We also did not identify substantial inflammation around the LB injection sites. None of the horses demonstrated heat, major swelling, or pain on palpation of the injection sites. In a previous study12 in which LB was injected over the palmar digital nerves (2 mL/site), 1 horse showed small, raised areas over both injection sites at 48 hours, which resolved in 24 hours. In the present study, we measured the metacarpophalangeal joint circumference as an objective method to assess swelling around the injection sites. There was a very small but significant increase in circumference at 24 hours after treatment with LB and at 48 hours after treatment with BHCl. However, as the horses did not show any other local signs of inflammation (eg, heat or sensitivity to palpation), the clinical importance of this was unknown.

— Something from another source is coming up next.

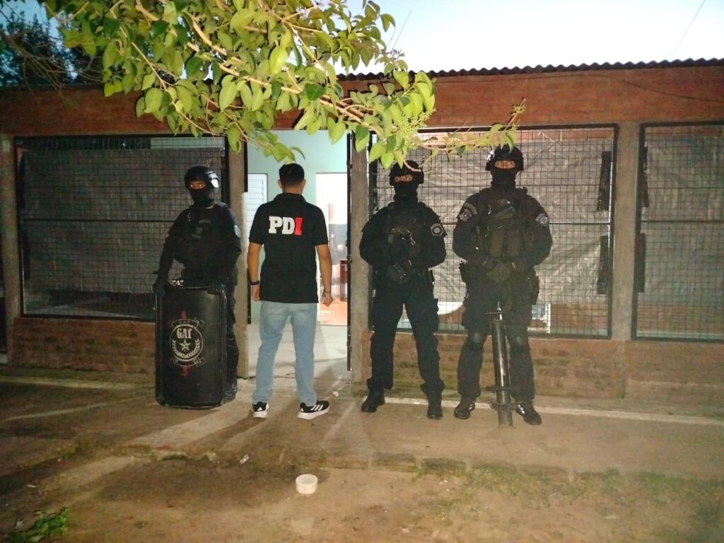 Seguidamente, personal de la Sección Delitos Calificados realizó tareas investigativas, logrando individualizar a los presuntos autores; por ellos este martes realizaron allanamientos en los siguientes domicilios: Barrio Cruz Roja, donde detuvieron a T. N.M. y secuestraron una moto Honda GLH 150 con pedido activo por robo.
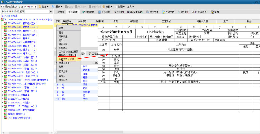 CAPP系统中的物料、BOM、工艺、定额数据、按照哈空调的数据需求传输到ERP系统中,实现CAPP与ERP高效集成,工艺工程师在接收到PDM传输的物料、BOM信息后,直接进行工艺设计传递至ERP进行指导生产,打通CAPP到ERP完整数据流。

We found that response to pressure, as determined by an increase in MNTs, was significantly higher in the LB-treated forelimbs for at least 24 hours, but they were not substantially different between measurements before injection and at 48 or 72 hours after injection. A recent equine study12 of nonlame horses showed that MNTs in LB-treated limbs were not substantially different from the saline control at 6 hours when a total of 53.2 mg was used (26.6 mg/nerve). In the present study, a slightly larger amount of LB was used (a total of 79.8 mg: 39.9 mg/nerve). It was possible that the larger volume of LB used in the present study resulted in a longer duration of action, compared with the previous study.12
In the present study, we also found that the objective VS lameness scores returned toward baseline levels within 72 hours after treatment. This effect was not unexpected, as in a previous study in which a 5.3-mg/kg dose of LB for postoperative analgesia was given to dogs after stifle joint surgery, only 42% and 38% of dogs did not require rescue analgesia at 48 and 72 hours, respectively.7 This indicated that not all animals would be expected to have sufficient analgesia at 72 hours after treatment with LB.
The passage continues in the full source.